MAX_SEQUENCE_LENGTH = 70
MAX_NB_WORDS = 600000
EMBEDDING_DIM = 50
VALIDATION_SPLIT = 0.2
bwfile = open("badwordlist.txt",encoding='utf8')
bwlist = [line.strip('\n') for line in bwfile]
bwfile.close()
for bw in bwlist:
    jieba.add_word(bw)  
emo = ['like','fear','disgust','anger','surprise','sadness','happiness','none']
smallemo= ['angry/disgusted','happy/like','sad','afraid/surprised','other']
'''
stop_words = ["的", "一", "不", "在", "人", "有", "是", "为", "以", "于", "上", "他", "而",
            "后", "之", "来", "及", "了", "因", "下", "可", "到", "由", "这", "与", "也",
            "此", "但", "并", "个", "其", "已", "无", "小", "我", "们", "起", "最", "再",
            "今", "去", "好", "只", "又", "或", "很", "亦", "某", "把", "那", "你", "乃",
            "它","要", "将", "应", "位", "新", "两", "中", "更", "我们", "自己", "没有", "“", "”",
            ",", "(", ")", " ",'[',']',' ','~','。
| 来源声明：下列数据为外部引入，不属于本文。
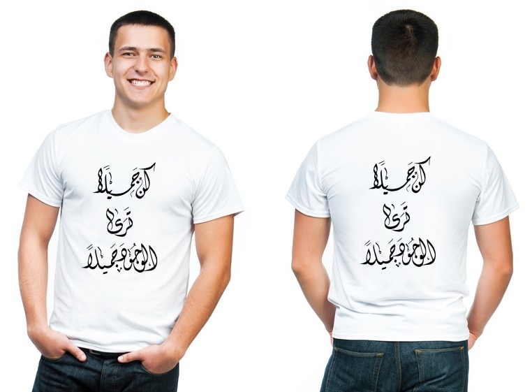 T-Shirt portant une très jolie calligraphie artistique du proverbe arabe "koun jamîlan tara-l-kawna jamîlan" كن جميلا ترى الوجود جميلا (Sois admirable et tu verras tout autour de toi merveilleux).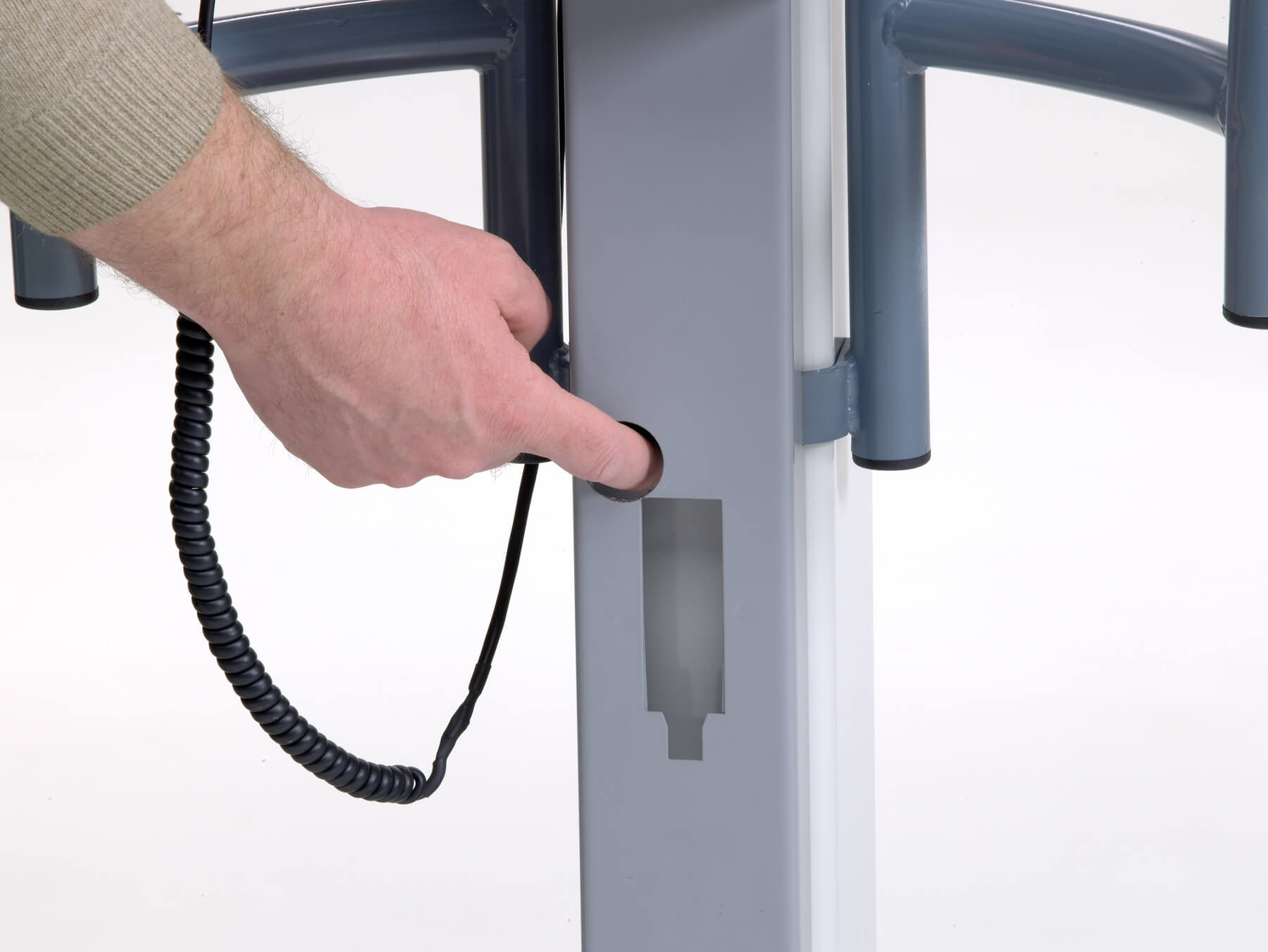 En la mayoría de elevadores, los fabricantes recomiendan un cambio del mismo tras 10.000 ciclos. No obstante, este principio no se aplica al modelo Victor. Gracias a su amplio campo de acción, la grúa Victor puede elevar a una persona desde el suelo. El usuario dispone de un gran espacio libre a la altura de las piernas, pero puede girar libremente, lo que facilita los cuidados.

','!',':','、','/','…']
'''
stop_words = []
sw = open('stopwords.txt')
for line in sw:
    line = line.strip("\n")
    stop_words.append(line)
sw.close()
def segmentWord(cont):
    c = []
    for i in cont:
        a = list(jieba.cut(i,cut_all=True))
        b = " ".join(a)
        c.append(b)
    return c

def text_to_index_array(p_new_dic, p_sen):  # 文本转为索引数字模式
    new_sentences = []
    for sen in p_sen:
        new_sen = []
        for word in sen:
            try:
                new_sen.append(p_new_dic[word])  # 单词转索引数字
            except:
                new_sen.append(0)  # 索引字典里没有的词转为数字0
        new_sentences.append(new_sen)

    return new_sentences

def readTrain(filename):
    DOMTree = xml.dom.minidom.parse(filename)
    collection = DOMTree.documentElement
    
    weibos = collection.getElementsByTagName("weibo")
    traindata = []
    trainlabel = []
    data = [[],[],[],[],[],[],[],[]]
    for weibo in weibos:
        sentence = weibo.getElementsByTagName('sentence')
        for e in sentence:
            sen = e.childNodes[0].data
            if e.getAttribute('opinionated')=='Y':
                emotion1 = e.getAttribute('emotion-1-type')
                emotion2 = e.getAttribute('emotion-2-type')
                data[emo.index(emotion1)].append(sen)
                if emotion2 != 'none':
                    data[emo.index(emotion2)].append(sen)        
            else:
                data[7].append(sen)
    #smalldata = [[],[],[],[],[]]
    smalldata = [[],[],[],[]]
    smalldata[0]=data[2]+data[3]
    smalldata[1]=data[0]+data[6]
    smalldata[2]=data[5]
    smalldata[3]=data[1]+data[4]
    smalldata[3] *= 2
    #smalldata[4]=data[7]
    for i,d in enumerate(smalldata):
        for ele in d:
            traindata.append(ele)
            trainlabel.append(i)
    return traindata,trainlabel


traindata,label = readTrain("Training data for Emotion Classification.xml")
#traindata,label = adjustData(traindata,label)
traindata = segmentWord(traindata)

testdata = []
tfile = open('withoutother.txt',encoding='utf8')
for line in tfile:
    testdata.append(line)
tfile.close()
testdata = segmentWord(testdata)
testlabel = []
labelfile = open('testlabelnoother.txt')
for l in labelfile:
    line = l.strip('\n')
    testlabel.append(smallemo.index(line))
labelfile.close()
traintexts = [[word for word in document.split() if word not in stop_words] for document in traindata]
testtexts = [[word for word in document.split() if word not in stop_words] for document in testdata]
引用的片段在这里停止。